The high degree of persistence provided by the health monitoring
subsystem 46 enables the UAVs 12 to maximize their mission
capability by taking into account various operational factors of
each UAV 12 that maximizes the time that the UAVs 12 can remain
airborne (or operational if ground vehicles are used).
[0039] Referring now to FIG. 5, a flowchart 100 is illustrated that
sets forth major operations that may be performed by the
methodology of the present disclosure. At operation 102 the flight
plans for each of the UAVs 12-12e are loaded into the guidance and
control hardware and software system 30s of the respective UAVs
12a-12e. At operation 104 the UAVs 12-12e are deployed either from
a terrestrial location or from an airborne platform. At operation
106, each UAV 12a-12e beings transmitting information (e.g., still
images, streaming video, infrared still images or infrared
streaming video, or audio) to the centralized monitoring station
18, along with system health information. If the UAVs 12 are
operating fully autonomously, then wireless status signals (e.g.,
beacon signals or coded status signals) are transmitted by each UAV
12, at operation 108, to all other active UAVs, and each UAV 12
also beings receiving like wireless status signals from all the
other UAVs so that each UAV 12 is able to monitor the status of all
the other UAVs. If the UAVs 12 are operating semiautonomously, then
each UAV 12 will only need to wirelessly transmit its system health
information to the central monitoring station 18. The central
monitoring station 18 is able to determine if a problem exists with
any of the UAVS from this information.
[0040] At operation 110, either the central monitoring station 18
or the onboard system 16 of each UAV 12 is used to determine if
each of the UAVs is operating properly. If the central monitoring
station 18 is performing this function, then this is accomplished
by the computer control system 22 analyzing the system health data
being received from each of the UAVs 12. If the UAVs 12 are
performing this function, then the status of each UAV 12 is
determined by the information being generated by its health
monitoring subsystem 46, which may be wireless transmitted to all
other UAVs 12. If all of the UAVs 12 are operating as expected,
then the received information from the sensors 38-44 onboard each
of the UAVs 12 is displayed and/or processed at the central
monitoring station 18, as indicated at operation 112. A check is
then made if the UAV's 12 target detection and tracking subsystem
54 (FIG. 2) has detected a target or object that requires dedicated
tracking, as indicated at operation 114. If not then operations
106-110 are then repeated. If the answer at inquiry 114 is "Yes",
then the UAV 12 that detected the target or object may send a
wireless signal to either the central monitoring station 18 or to
all other UAVs 12 informing them of them situation.

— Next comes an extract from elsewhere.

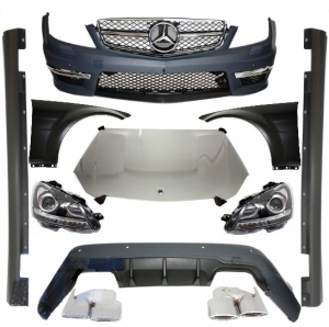 il comprend également un jeu d'ailes avant type AMG,un capot avec bossage caracteristique type AMG,et un jeu d'optiques à leds fond noir pour versions en halogene d'origine pour compléter la panoplie C63 AMG.

The central
monitoring station 18 or the dynamic flight plan allocation
subsystem 52 of the remaining UAVs 12 may then be used to determine
the new needed flight plans for each of the other UAVs 12, as
indicated at operation 116. The new flight plans for the other UAVs
12 may then be implemented, as indicated at operation 118.
[0041] If the check at operation 110 indicates a problem with any
of the UAVs 12, then either the central monitoring station 18 or
the dynamic flight plan allocation subsystem 52 on each of the UAVs
12 is used to generate the new flight plans that are to be used by
the UAVs that remain in service, as indicated at operation 116. At
operation 118 the new flight plans are implemented by the UAVs 12,
and then operations 106-110 are performed again.
[0042] The system 10 and method of the present disclosure is
expected to find utility in a wide variety of military and civilian
applications. Military applications may involve real time
battlefield monitoring of individual soldiers as well as the real
time monitoring of movements (or the presence or absence) of
friendly and enemy assets, or the detection of potential enemy
targets. Civilian applications may are expected to involve the real
time monitoring of a border areas, highways, or large geographic
regions. In this regard, it is expected that if airborne mobile
vehicles are employed, that fixed wing unmanned vehicles may be
preferable because of the flight speed advantage they enjoy over
unmanned rotorcraft. Where large geographic regions must be
monitored with a high degree of persistence, it is expected that
such fixed wing unmanned aircraft may be even more effective than
unmanned rotorcraft for this reason.
[0043] Other non-military applications where the system 10 and
method of the present disclosure is expected to find utility may
involve the persistent monitoring of stadiums, public parks, public
rallies or assemblies where large numbers of individuals congregate
over large geographic areas, tourist attractions and theme
parks.
[0044] Still other anticipated applications may involve search and
rescue operations in both military and non-military applications.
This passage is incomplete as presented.